Prediction of pKa from chemical structure using free and open-source tools

Williams, Antony; Mansouri, Kamel; Tkachenko, Valery; Cariello, Neal; Korotcov, Alex

doi:10.6084/m9.figshare.6072182.v1

Prediction of pKa from chemical structure using free and open-source tools_KM_AJW.pptx (1.5 MB)

Prediction of pKa from chemical structure using free and open-source tools

presentation

posted on 2018-04-01, 14:32 authored by Antony WilliamsAntony Williams, Kamel MansouriKamel Mansouri, Valery Tkachenko, Neal Cariello, Alex Korotcov

The ionization state of a chemical, reflected in pKa values, affects lipophilicity, solubility, protein binding and the ability of a chemical to cross the plasma membrane.
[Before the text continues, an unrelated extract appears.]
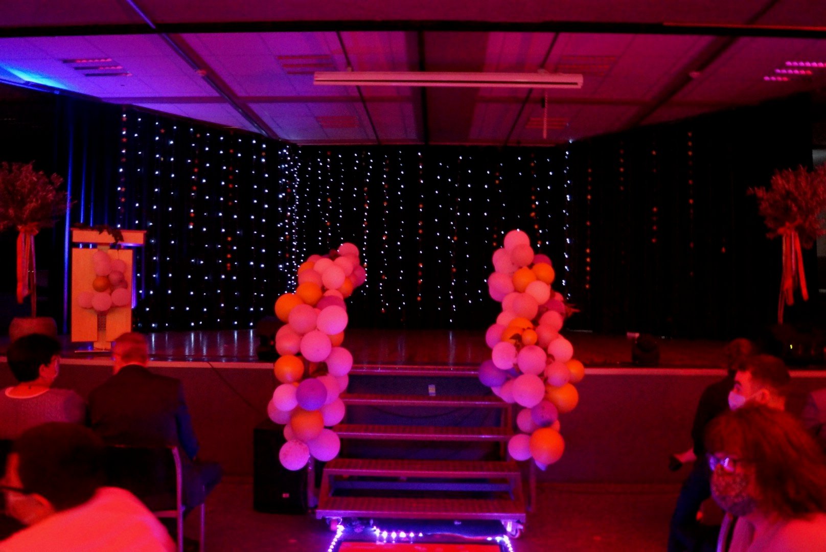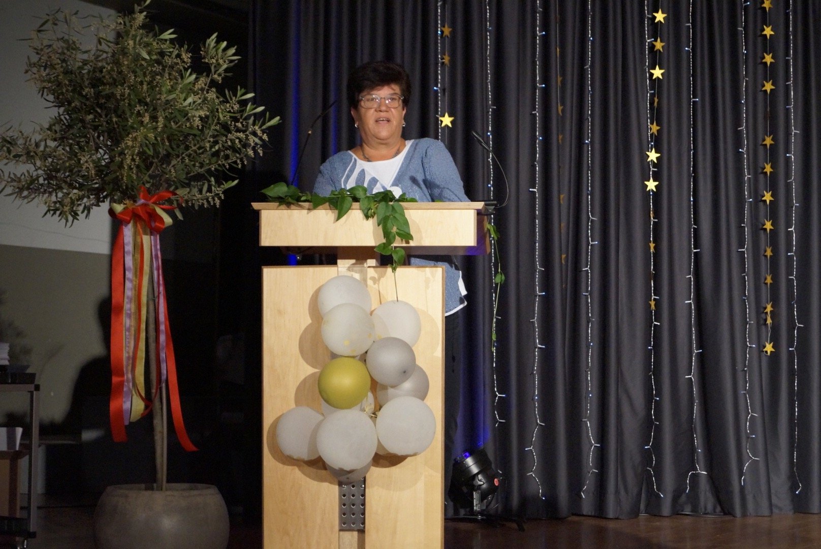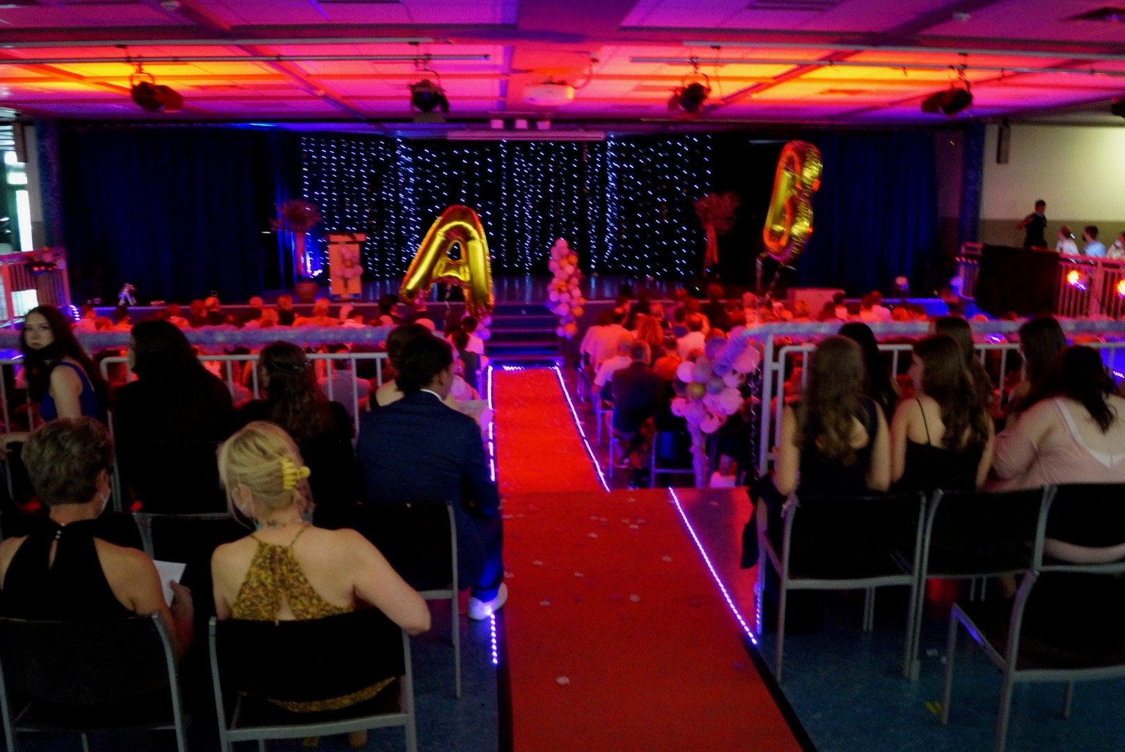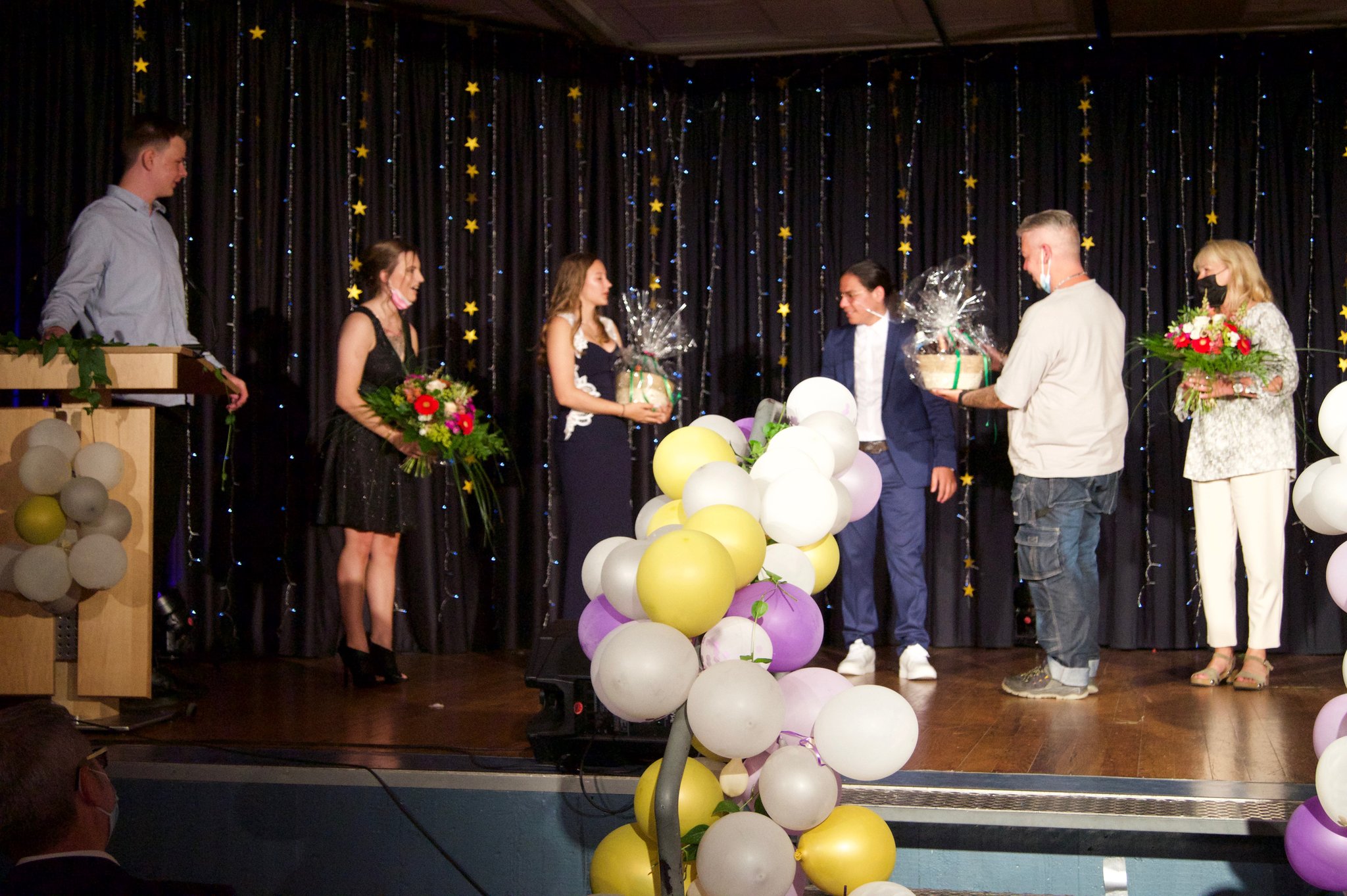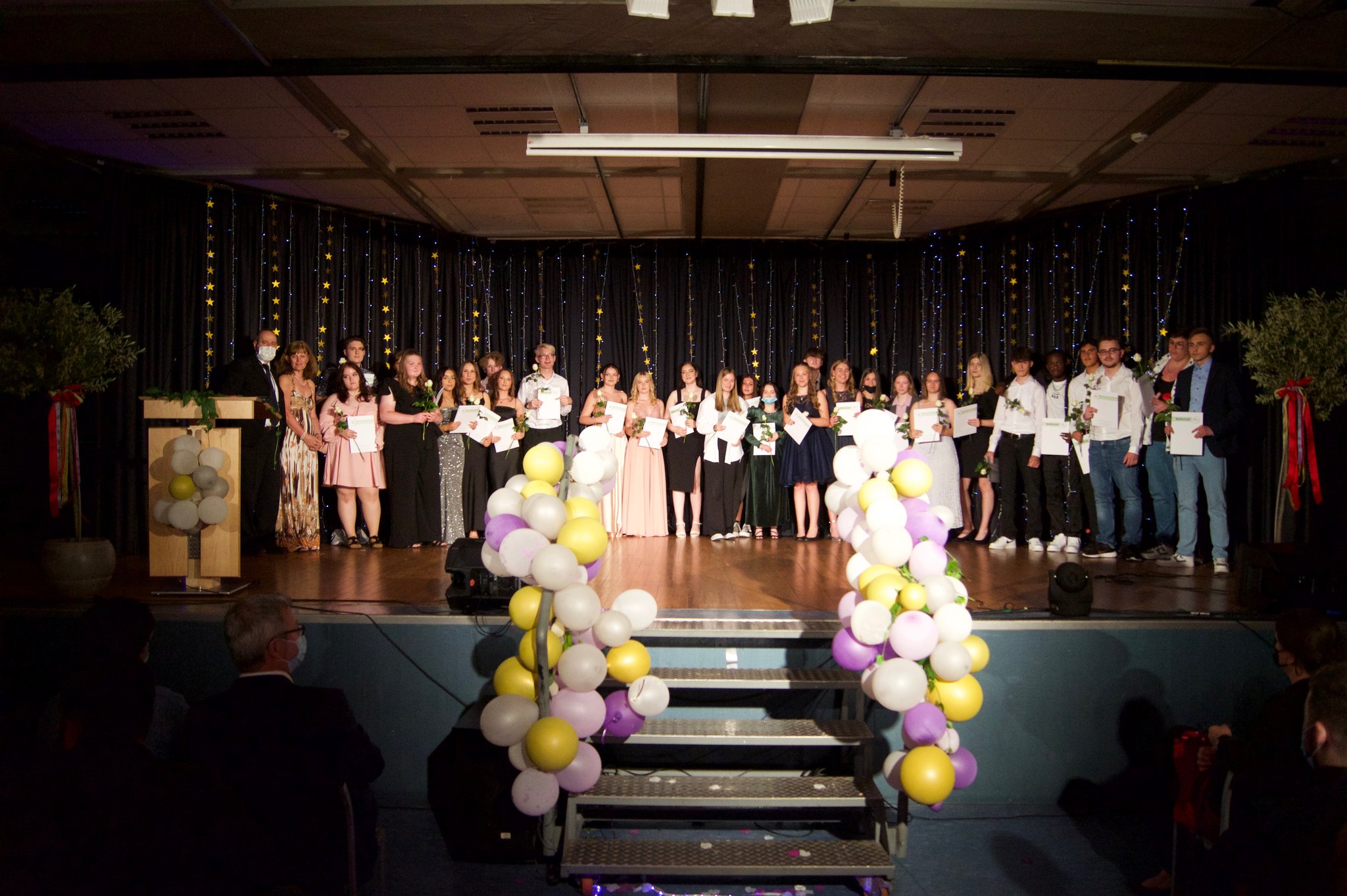 Natürlich durfte auch die Rede der Abteilungsleiterin Frau Beckmann nicht fehlen, die Herausforderungen jeglicher Art in ihrer Ansprache thematisierte. Neben diesem ernsten Thema, wurde ihr aber auch die Freude zuteil, die drei Schüler*innen mit dem jeweils besten Abschluss zu ehren. Nachdem Frau Pieta als Vorsitzende des Fördervereins den Absolvent*innen gratuliert und ihnen ein Geschenk übergeben hatte, folgte die Schüler*innenrede von Kira und Marc. Gemeinsam mit den Moderator*innen bedankten sie sich auch bei den Helfer*innen aus der zweiten Reihe: den Sekretärinnen und Schulhausmeistern, die immer ansprechbar waren, wenn es mal ‚brannte‘.

These properties govern the pharmacokinetic parameters such as absorption, distribution, metabolism, excretion and toxicity and thus pKa is a fundamental chemical property and is used in many models of chemical toxicity.

Experimentally determining pKa is not feasible for high-throughput assays. Predicting pKa is challenging and existing models have been developed only using restricted chemical space (e.g., anilines, phenols, benzoic acids, primary amines) and lack of a generalized model impedes ADME modeling.

No free and open source models exist for heterogeneous chemical classes, however, several proprietary programs exist. In this work, pKa open data bundled with DataWarrior (http://www.openmolecules.org/) were used to develop predictive models for pKa. After data cleaning, there were ~3100 and ~3900 monoprotic chemicals with an acidic or basic pKa, respectively. 1D and 2D chemical descriptors (AlogP, Topological polar surface area, etc) in addition to 12 fingerprints (presence or absence of a chemical group) were generated using PaDEL software. Three datasets were used: acidic, basic and acidic and basic combined.

13 datasets were examined, the 1D/2D descriptors and 12 fingerprints. Using the Extreme Gradient Boosting algorithm showed that the MACCS and Substructure Count fingerprints yielded the best results, with models showing an R-Squared of ~0.78 and a RMSE of 1.42.

Recently, Deep Learning models have showed remarkable progress in image recognition and natural language processing. To determine if the Deep Learning algorithms would increase model performance we examined the datasets and found that the Deep Learning models were somewhat superior than Extreme Gradient Boosting with an R-Squared of ~0.80 and an RMSE of ~1.38.

This work does not reflect U.S. EPA policy.